Friedland raises industry ire over wages claim – by David McKay ( – December 20, 2013)

[] – IVANHOE Mines president and flamboyant mining promoter, Robert Friedland, has raised the ire of his platinum industry counterparts in South Africa following comments to reporters that his company would outstrip wages paid to miners on his company’s Flatreef platinum project in South Africa by an “order of magnitude”.

“In a platinum mine in South Africa today, you have to crawl on your hands and knees on that broken rock for several hundred metres to get to the working phase,” Friedland said at a conference in a report by Reuters.

“It’s pretty claustrophobic, the men are working with muscle power, they are getting silicosis, they are breathing what they are drilling and they are tired of doing it for $12 (R120) a day. I don’t think they are going to do it for much longer, and I don’t think they should.”

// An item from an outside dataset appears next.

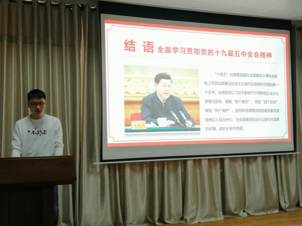 为响应国家推动兴起学习贯彻党的十九届五中全会精神浪潮,引导党员增强“四个意识”、坚定“四个自信”、做到“两个维护”,11月28日上午,化学院化学专业学生党支部于千佛山校区一号教学楼1201教室成功举办“党的十九届五中全会精神学习”主题党课。本次党课由化学专业学生党支部组织委员毕毓翔主讲,化学院全体党员及预备党员积极响应并参与其中。

“You have heard of blood diamonds for example, or Apple getting criticised for what people get paid, or you see Gap stores get worried for what people get paid in Bangladesh for sewing your clothing. Similarly it is just not viable to pay these workers $12 a day,” he said.

Johan Theron, spokesman for Impala Platinum (Implats) thinks the figures don’t add up. “I don’t know how this fortune hunter gets to R120/day,” he says.

“By my reckoning, with an 8% increase this year, we are paying a minimum underground basic wage of R5,940 per month at Implats and a surface basic rate of R5,332/month,” he says.

That’s just the basic however. It’s often misunderstood the extent to which other benefits are paid, and what they are.
Add to a surface workers’ guaranteed R5,940 per month an additional R444 holiday allowance, R2,000 in a living out allowance and a R861 pension. There are also medical aid contributions, shift allowances, overtime assistance, and production and safety incentives to factor into the salary equation. The monthly income is therefore closer to R8,637.

For underground occupations, the minimum guaranteed monthly remuneration is R9,394 per month, and R11,479/month for rock drill operators, says Theron.

A monthly income of R8,637 is about R254/day and at least R411/day if one considers the other elements – a stark contrast to Friedland’s estimate of R120/day he believes South African miners pay workers. And if Friedland is to pay an order of magnitude, the expectation is that Friedland’s Ivanhoe Mines will be paying R4,110/day or just over R83,000 per month.

The heated response to Friedland’s comments is that they come at a highly sensitive time for platinum miners. About three-quarters of the industry is facing disputes over wages which could materialise into strike action in the early months of 2014.